# Servlet: DoPost wird zweimal aufgerufen



## Ferenjito (10. Feb 2006)

Hi,

Vielleicht kann mir jemand von euch bei folgendem Problem weiterhelfen: 
Ich rufe aus einer Jsp ein Servlet auf, dessen doPost Methode ausgeführt wird, im Anschluss woran dann wieder auf eine weitere Jsp weitergeleitet wird. 
Auf dem Lokalen Server klappt alles wunderbar, nach dem Upload stellt sich das Problem das das besagte Servlet bei manchen Aufrufen nicht einmal sondern ZWEIMAL invoked wird, wie ich in der Logfile feststellen kann, d.h. erst wird doPost zweimal durchgeführt und dann der Redirect an die JSP gesendet. Das ist höchst unerfreulich und unerklärlich.
Ich arbeite übrigens mit Apache Tomcat/5.5.15

Weiss jemand Rat?

Ferenjito


----------



## Bleiglanz (10. Feb 2006)

was für ein Redirect? ein 302?

warum machst du nicht forward?

liefert das jsp reinen html zurück, bei anderen content-types gibts da nämlich ein alten IE Problem?


----------



## Ferenjito (10. Feb 2006)

Ja, das jsp liefert im Prinzip reines HTML, habe Content Type aber nich explizit angegeben.

ich benutze statt forward sendRedirect, damit die URL der jsp angezeigt wird, anstelle dem Servlet-Mapping.
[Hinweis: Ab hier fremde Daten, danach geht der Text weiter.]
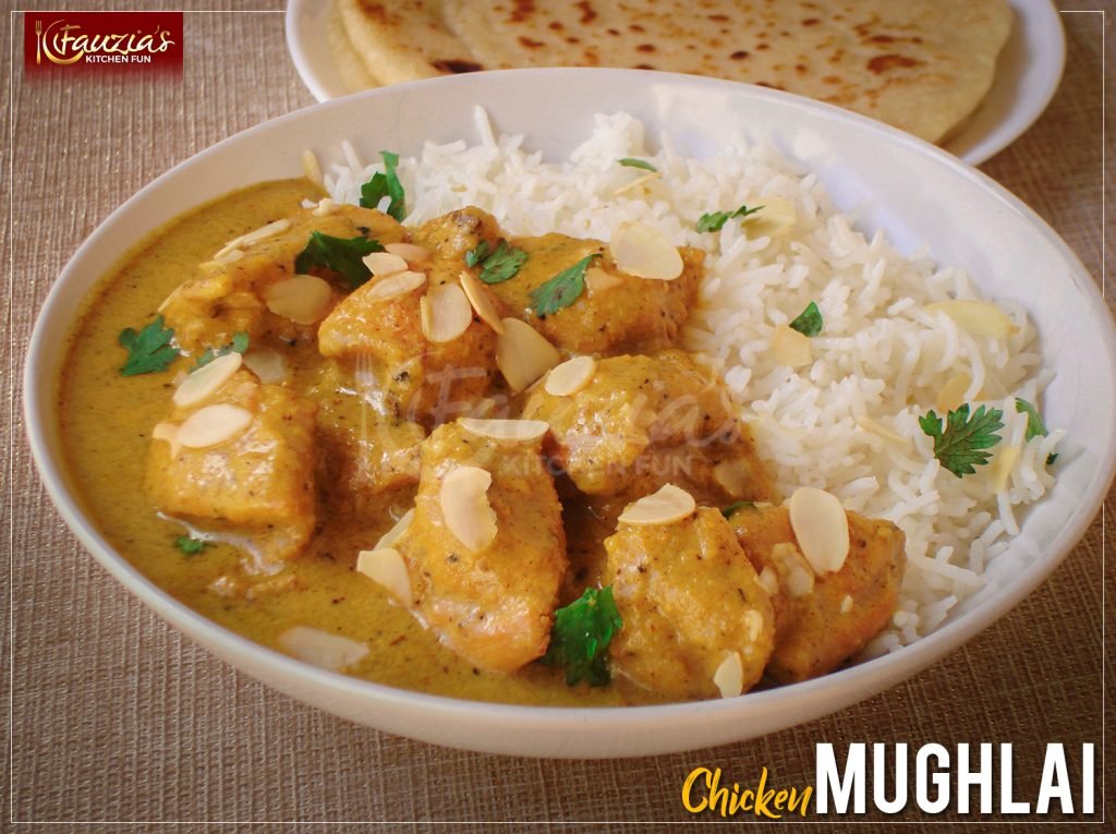 - Marinate the chicken in the marinade ingredients for 30 minutes or refrigerate up to overnight.When ready to cook, remove the chicken from the fridge at least half an hour before you begin, to allow it to come to room temperature.Soak the peeled almonds, cashew nuts and saffron in hot water for 10 minutes and then grind to a smooth paste. Then roast all the remaining Mughlai Paste spices (dried red chillies, cumin seeds, coriander seeds, cinnamon stick, cloves, cardamom, bay leaf and whole black pepper). Grind the roasted spices to a fine powder. Add this spice powder into the nut/saffron paste and mix well. This will be your Mughlai Paste.Heat the ghee or oil in a pan and then add the marinated chicken pieces. Fry on both sides until slightly browned (but not cooked through) and then remove them onto a plate. In the same pan, add the chopped onions and fry until golden. Then add in the garlic and ginger paste, cook for a couple of minutes until fragrant.Next add the Mughlai paste and stir over medium low heat. Add a splash of water occasionally if you find that the paste is sticking to the pan. Once this paste thickens, add the yoghurt and stir it well. Then add the chicken stock (or water) followed by the cream. Stir well and allow to simmer for about 2-3 minutes. Add salt as needed.Lastly, add in the browned chicken pieces and allow them to cook gently in the creamy sauce over medium low heat, stirring occasionally until the sauce thickens and the chicken pieces are cooked through. This should take about 15 to 20 minutes.Taste and adjust for salt. Sprinkle in the garam masala and turn off the heat.Garnish with flaked almonds and vibrant fresh coriander. Serve over rice or with naans.Enjoy!

Ist das uncool?

Gruß,
Ferenjito


----------



## Bleiglanz (10. Feb 2006)

nö, passt schon

ist auch ein üblicher Trick, um das F5-Browser-Reload bei POST Requests zu umgehen

bist du sicher dass kein Controller oder sonstwas dazwischen steht und die Methode versehenlich zweimal ausgelöst wird?

sicher, dass in den Response.getWriter() absolut nichts geschrieben wurde (sinnlos bei Redirect)

ansonsten fällt mir auch nix ein, Code?


----------